Fuente: Harvard Law School Forum on Corporate Governance
Autor: Andrew R. Brownstein, Steven A. Rosenblum, and David M. Silk, Wachtell, Lipton, Rosen & Katz
As coronavirus infections begin to decline, a number of states have started to ease restrictions on public activity and permit businesses to resume normal operations. However, COVID-19 remains a threat that will likely persist into the remainder of the year and perhaps longer. Going forward, companies not only face an altered economic landscape but also heightened scrutiny on leadership, risk management and relationships with employees, customers and other stakeholders. While the development and execution of a “reopening plan” is a management function, boards of directors should be familiar with the major elements of that plan for their companies. Set forth below are some considerations for boards in preparation for a return to a “new normal”:
- Employee, Customer and Supplier Health and Safety. While every company will face challenges specific to its operations and industry, boards generally can expect increased focus on the safety and well-being of its personnel and, where applicable, customers and suppliers. Companies will need to consider when, how and at what pace to bring employees back into the workplace, and the extent to which employees should be encouraged to continue to work from home, where possible, even after government regulations permit their return. Before employees (and customers, suppliers and guests) start to return to work spaces and company properties, companies should review their health and safety policies and procedures, including with reference to any applicable federal, state, local or industry guidelines.
- Regulatory Compliance. The pandemic has prompted a slew of regulatory responses from all levels of government globally. Companies and boards should ensure that compliance and oversight policies have been reviewed and, if necessary, updated to cover any new regulations and that management is prepared to deal with a potential increase in regulatory scrutiny.

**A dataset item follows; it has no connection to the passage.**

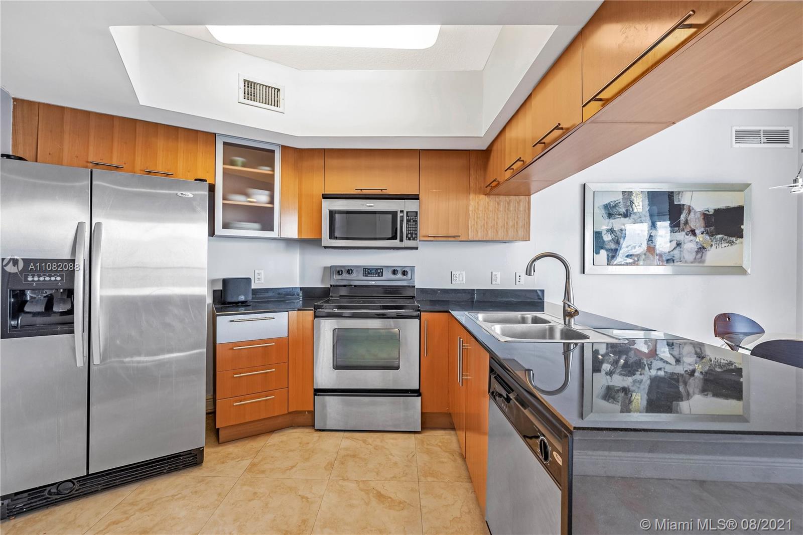 Gorgeous completely renovated 2/2 with Spectacular city and bay views. Open balcony and lots of storage space. Two garage parking spaces are needed. The unit features Granite Counter Tops & Stainless Steel Appliances, a built-in wine cooler, a Walk-in closet, and lots of attention to detail throughout. Great Amenities Including Pool, tennis courts, basketball, Gym, & Social Room/BBQ Area.

- Scenario Analysis. Boards should review and understand management’s plans for operating while the pandemic continues, including under different assumptions as to duration and severity.
- Capital Allocation Review. Liquidity remains a key concern and boards should continue to evaluate different strategies for preserving liquidity. For companies that remain well capitalized, boards may wish to consider strategies for enhancing financial stability and to review contingency plans for addressing potential shortfalls in a worst-case scenario.
- Medium and Long-term Strategic Planning. Although the pandemic has thrown many long-term strategic plans into disarray and much uncertainty remains, to the extent possible, boards should continue to consider medium- and long-term outcomes when making short-term decisions. Longer-term plans should be reassessed over time as the impact of the pandemic becomes more clear.
- Stakeholder Engagement and Transparency. Investors and stakeholders are keen for insight into how companies are performing during the current crisis. Recognizing this, the U.S. Securities and Exchange Commission has called on companies to provide “as much information as is practicable regarding their current financial and operating status, as well as their future operational and financial planning.” As companies reopen, unexpected issues may arise. Boards should work with management to develop a general approach to communications with shareholders and other stakeholders, oversee timely disclosures and remain prepared to respond directly and in a cohesive manner to rapidly developing events and stakeholder concerns.
- Revisiting ESG. Certain ESG concerns, notably climate-related risks, have taken a back seat to social concerns in recent months. However, boards should continue to identify the ESG risks that affect their company and devise long-term solutions. Major investors including BlackRock and State Street have indicated that they remain concerned about sustainable long-term value creation, including how companies address climate-related risks. Diversity and human capital management issues also remain major concerns for many investors. Boards should seek to understand and, where necessary, oversee management’s steps to address any outsized impact of the crisis on stakeholders.
- Activism and Takeover Preparedness. While some activist investors have opted to settle or postpone their campaigns until the pandemic passes, continued stock price volatility means many companies remain vulnerable to activist campaigns. Boards should remain prepared for a resurgence in activism as the threat of COVID-19 recedes. Board actions and performance during the pandemic will be among the items subject to activist scrutiny. Takeover activity is also likely to increase as companies emerge from the pandemic, particularly if valuations continue to be depressed and do not reflect the full value of the company’s future. Companies should be prepared to respond to takeover approaches, including potential unsolicited bids.
- Updating Risk Oversight Processes. The current pandemic has underscored that risk management is a dynamic process. Lessons from the pandemic will provide a company-specific guide for improving various facets of board risk oversight, including the allocation of responsibilities within the board and its committees, coordination with management, and access to information and expertise.
- Preserving Culture and Purpose. The pandemic has placed significant strains on many companies and may have exposed fault lines in a company’s culture and purpose. Boards should take stock of the company’s performance thus far, particularly how the company’s actions have aligned with its core values, and identify strategies to improve culture, if needed, and foster cohesion. As always, the tone is set from the top, and the example set by boards and senior leadership will drive the company’s culture.
The pandemic has presented boards with a host of unforeseen challenges. Much uncertainty remains and the full impact of this pandemic may not be known for many months. While the pandemic has not altered the board’s fundamental duties and responsibilities, it has created another layer of complexity for the directors who must fulfill them. Boards should think broadly, remain alert to emergent risks and help guide management through the unknowns.